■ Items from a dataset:
- - - -
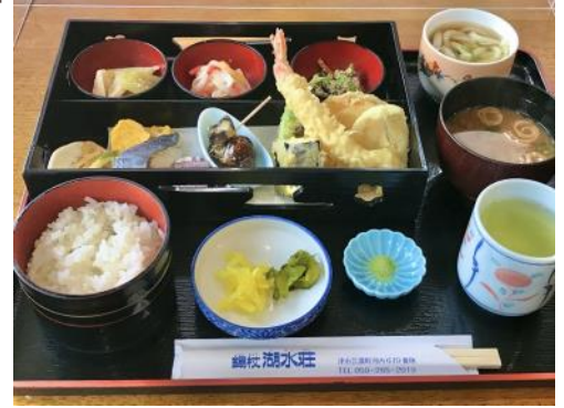
時季によって食材が変わります
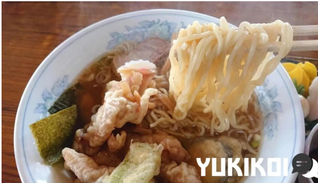
食事処 八千代 ラーメン
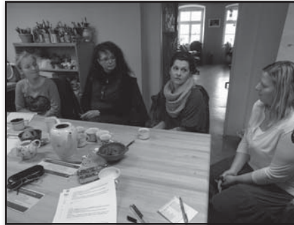
Momentka ze supervizního setkání

„O dobrovolnictví jsem začala uvažovat už dřív, ale až po nástupu do zaměstnání s pravidelnou pracovní dobou jsem to mohla začít realizovat. Dobrovolnictví beru jednak jako pomoc dětem, jednak jako seberealizaci - „tělocvik pro dušičku“. A nakukal mi to KUK (krumlovský kulturní kalendář). Moje děti říkaly, že už se nemám na koho doma vytažovat... Ale vážně: můj manžel i děti o mně ví, že jsem chtěla být učitelkou, a asi berou dobrovolnictví jako lepší variantu chození do knihovny.“
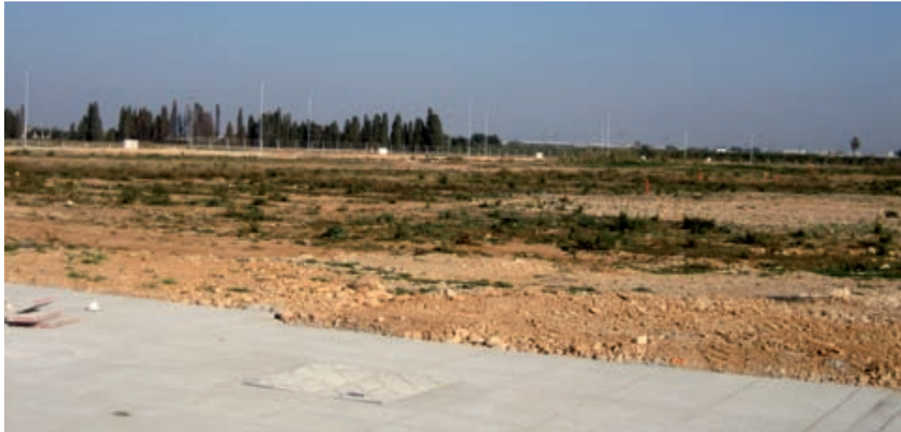
Els primers habitatges protegits promoguts per l'Ajuntament es construiran a Ciutat Sénior

La Regidoria d'Urbanisme ha aprovat l'Ordenança reguladora del Registre de Demandants d'Habitatges Protegits per tal de facilitar l'accés a l'habitatge a Benicarló. L'Ajuntament utilitzarà les dades d'aquest Registre per obtenir informació sobre la demanda d'habitatge i poder oferir així una oferta ajustada a les necessitats de les persones interessades a optar a un habitatge protegit
- - - -
Gather all lines from the records above in which "Ajuntament" appears.

■ Answer:
Els primers habitatges protegits promoguts per l'Ajuntament es construiran a Ciutat Sénior
La Regidoria d'Urbanisme ha aprovat l'Ordenança reguladora del Registre de Demandants d'Habitatges Protegits per tal de facilitar l'accés a l'habitatge a Benicarló. L'Ajuntament utilitzarà les dades d'aquest Registre per obtenir informació sobre la demanda d'habitatge i poder oferir així una oferta ajustada a les necessitats de les persones interessades a optar a un habitatge protegit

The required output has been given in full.